Gary: You are correct. Judge McBrayer was well aware of his product's reputation and also that, once it was no longer under his control, the quality would likely be compromised in the name of lower costs and higher profits. So, in the mistaken belief that it would do some good, he is said to have registered some legal documentation that limited the use his name as the brand after a period of (I believe you mentioned) three years following his death.
But, as we all know, if one designs a foolproof protection, someone else will simply find a better fool.
In 1888, the Final Gavel came down for the Judge. And, although the brand remained in the McBrayer family for at least seventeen years, they appear to have found a way to get around McBrayer's "restrictions" and thus were able to continue capitalizing on the old man's name and reputation.

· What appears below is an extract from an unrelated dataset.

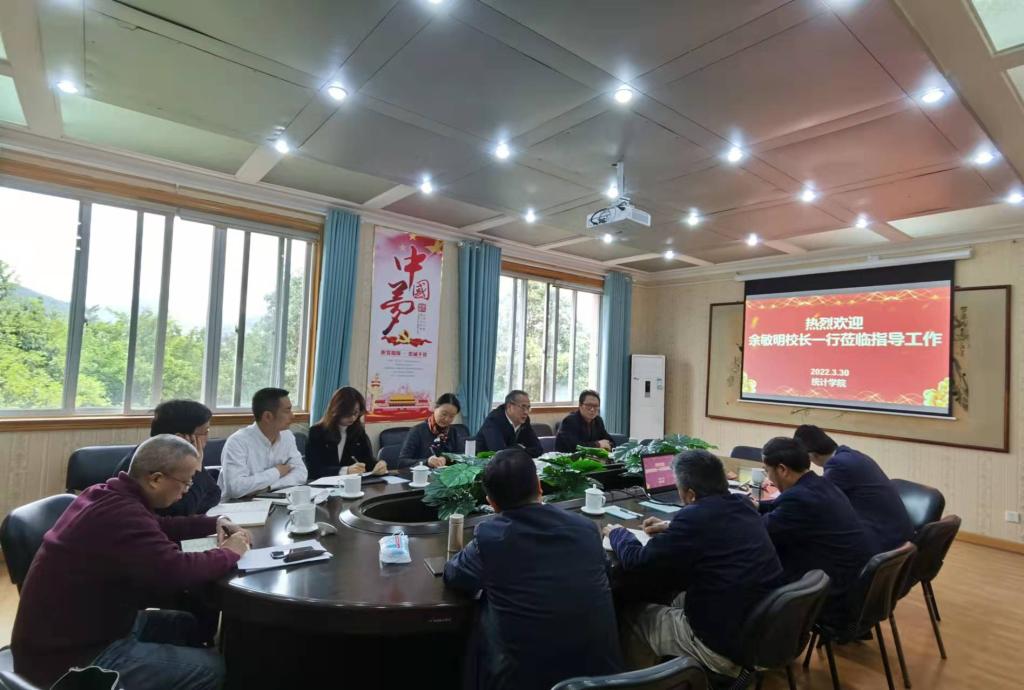余敏明在听取汇报后,首先肯定了学院近年来取得的建设成效,对下一步落实学院“十四五”规划提出了要求。他指出,williamhill中国官方网站有较为深厚的学科积淀和行业背景,要持续发挥好现有资源优势,扎根统计,探索“统计+行业+信息技术+数据平台”的特色发展道路,为政府咨询与决策、行业区域发展和满足人民群众对美好生活的需要提供优质服务。他强调,学院应加大优秀人才的引进力度,发挥好学科带头人的作用,切实加强团队建设,持续提高人才培养质量和服务社会能力,不断优化发展环境;要积极拓展行业资源,发挥桥梁纽带作用,集中力量形成品牌效应;要进一步加强与统计系统的联系,全面深化局校合作,努力做到“统计引领、扎根优势、拓展行业、协同创新”,为国家和四川经济社会发展做出应有贡献。

They simply changed the brand from "Cedar Brook -- W.H. McBrayer" to "Cedar Brook -- formerly W.H. McBrayer". A little like Roger Nelson, a musician better known by the stage name "Prince", a name that became contractually the property of Warner Bros, who refused to release it when he severed relations with the company in 1994. Apparently, WB made it clear they intended that Prince (who had, by that time, legally changed his personal name to match) would not be able to make use of the tradmarked brand name for the next six years until his contract expired, and they may have implied that they intended to apply the brand "Prince" to another musician at their discretion. This was (and remains) a common practice in artist contracts and has destroyed many a musician, or at least put them at a severe disadvantage in business negotiations. Nelson's rather bold (and quite effective) counterplay was to establish the completely original and unique name of
(which can be neither spelled nor pronounced), and declare himself to be "The Artist Formerly Known As Prince". People laughed. People ridiculed the name and the idea. But they knew who he was, and they bought his records and went to his shows. And Warner Bros were left with a brand name they legally owned, but could not practically use because any dollars they might expend promoting the name "Prince" would have done little more than benefit their competitor.

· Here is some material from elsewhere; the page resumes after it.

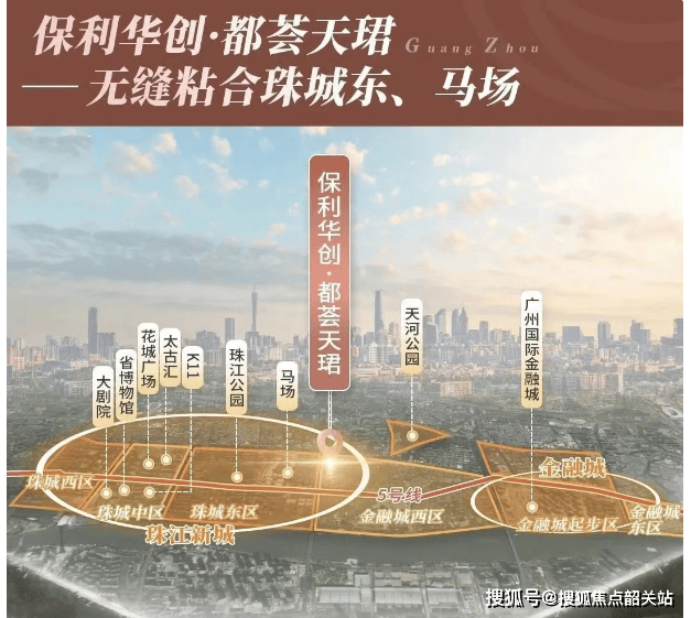 保利华创·都荟天珺坐落于广州天河区员村一横路AT080523地块,地处珠江新城东侧,与珠江新城核心区仅一马路之隔。西侧紧邻珠江新城东区高端住宅群,东接广州国际金融城起步区,南望琶洲西区数字经济总部集群,形成“三核交汇”的战略级地段。该地块于2023年以21.8亿元总价、楼面价约5.7万元/㎡被保利竞得,位列当年广州宅地成交楼面价前三。尤为关键的是,项目正对规划中的马场地块——这片被称为“珠城最后一块宝地”的区域,已明确对标北京SKP进行高端商业升级,未来将彻底激活珠城东片区的商业能级。身处如此稀缺且具备强成长性的地段,都荟天珺不仅坐享现有成熟配套,更提前锁定了未来十年的城市红利。

At any rate, in 1905 the heirs to Judge McBrayer's distillery sold the brand to Julius Kessler, better known as the developer of the notorious Whiskey Trust. Kessler was not contractually bound by anything McBrayer may have stipulated to his family and, with the high ethical standards often associated with the Whiskey Trust, the company apparently continued including the old founder's name on the label for awhile, after which the American Medicinal Spirits Co. bottled both Cedar Brook and also "Old McBrayer" throughout prohibition. National Distillers continued both brands for awhile after repeal; I don't know if McBrayer's name was still used on Cedar Brook by that time.

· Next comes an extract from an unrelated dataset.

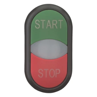 Dubbele drukknop, +signaallamp, groen START/wit/rood STOP

The bottle we have is Cedar Brook with the
"formerly W.H. McBrayer" statement, so we know that it's more recent than 1888. As a matter of fact, another statement, in fine print, identifies the label as a new design adopted in 1900, so we know it's no older than that. It also has the name Julius Kessler prominantly printed in script across the label, so we know it's post 1905 (and 14 years beyond Judge's desire to have his name removed). Since Kessler's name wouldn't have appeared there in 1900, we can guess that the "new design" may have been the addition of
"formerly W.H. McBayer" after perhaps actually having complied with Judge's stipulation for nine years.
One very interesting thing about the label, and one which allows us to narrow the date range pretty closely, is that the word "WHISKEY" does not appear on it.
Anywhere.
And that would imply at least two very important things...
(1) The product was bottled between 1906, when the Pure Food & Drug Act went into effect, outlawing the word "whiskey" except as applied to "straight whiskey", and 1909 when President William Taft issued a proclamation overturning several points of that Act, including a compromise that permitted a less narrow definition of whiskey.
(2) The product in the bottle would not have qualified as straight whiskey. For any of a number of reasons, ranging from it being a completely assembled beverage using rectified spirits, coloring, flavoring, etc., to simply not having been aged in new charred oak barrels.
What's especially interesting about that second point to me, in light of this discussion, is that it puts the prejudices of many of us into an unacceptable logic loop that we feel compelled to find a way out of. Since 1909 Cedar Brook is way Pre-Prohibition, then it
must be great, and comparable to some the finest of today's bourbon. Yet, since it apparently was,
at best, more comparable to Early Times or US-1 UnBlended (and maybe more like Southern Comfort or Redneck Riviera), most of us wouldn't even give it a mention here, let alone praise it.
Oh my! What to do?
"Is. A. Puzzlement! (Etcetera, etcetera, etcetera)" -- Yul Brynner, as the King of Siam, St. James Theater, NYC, 1951
P.S. - Mike: There is no way that bottle would be emptied without you getting a taste of it. Unless it turned out to be a very bad example of number two (above, that is, although I'll leave final interpretation to the reader - we've encountered a couple like that occasionally, don'tcha know?)